* _INSTRUCTIONS TO FOLLOW_
Could you copy exactly the lines below, beginning at the line with "Siyah Önden Düğmeli, Dokuma" and stopping after the line with "Unrecognizable person in", with no pictures?

* _SOURCE DATA_
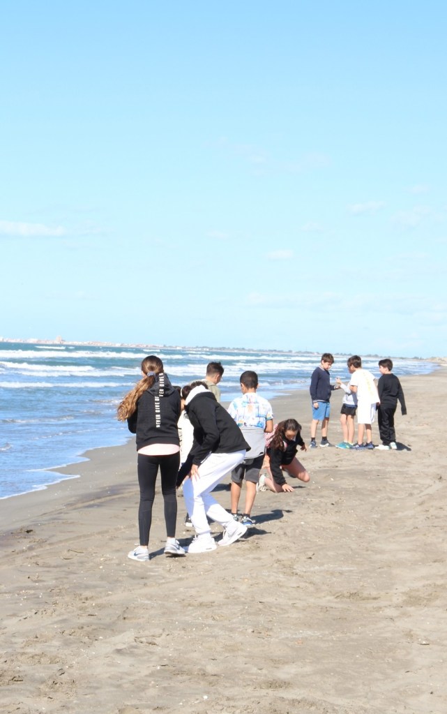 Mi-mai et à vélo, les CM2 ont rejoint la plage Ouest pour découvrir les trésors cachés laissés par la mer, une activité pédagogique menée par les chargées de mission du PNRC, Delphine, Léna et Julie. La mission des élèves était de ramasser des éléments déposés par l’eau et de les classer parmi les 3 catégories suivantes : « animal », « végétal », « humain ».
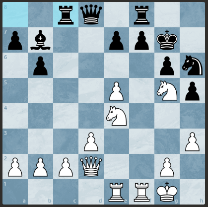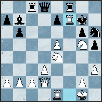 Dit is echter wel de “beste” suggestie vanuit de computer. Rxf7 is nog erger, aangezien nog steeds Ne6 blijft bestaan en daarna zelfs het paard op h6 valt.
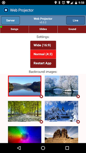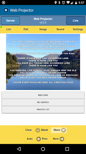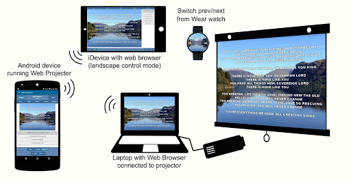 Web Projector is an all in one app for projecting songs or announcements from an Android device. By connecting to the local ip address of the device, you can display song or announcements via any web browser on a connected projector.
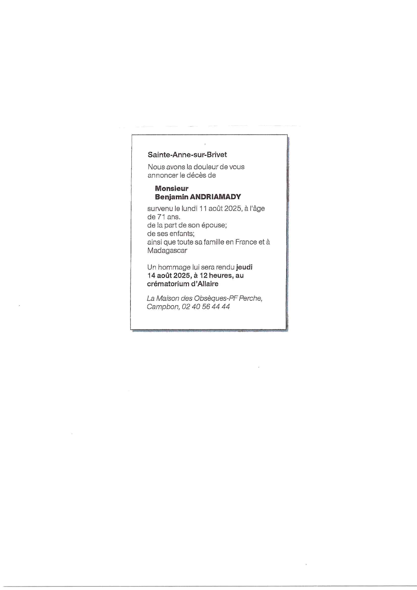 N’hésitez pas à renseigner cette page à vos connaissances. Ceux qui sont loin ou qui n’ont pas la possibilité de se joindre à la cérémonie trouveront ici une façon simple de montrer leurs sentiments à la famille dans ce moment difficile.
--
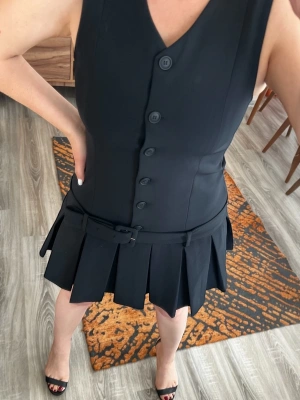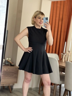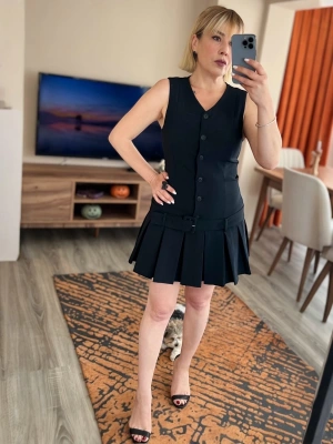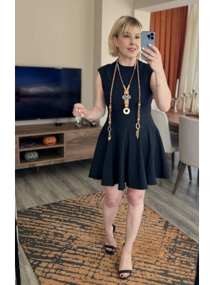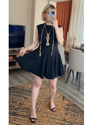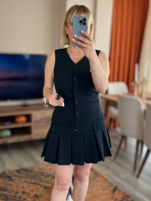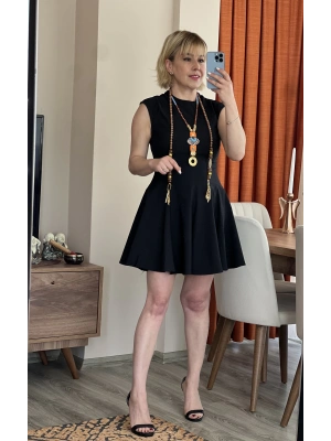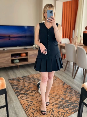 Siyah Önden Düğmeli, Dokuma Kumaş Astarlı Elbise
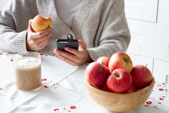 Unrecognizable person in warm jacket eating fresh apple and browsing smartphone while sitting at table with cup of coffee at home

* _ANSWER_
 Siyah Önden Düğmeli, Dokuma Kumaş Astarlı Elbise
 Unrecognizable person in warm jacket eating fresh apple and browsing smartphone while sitting at table with cup of coffee at home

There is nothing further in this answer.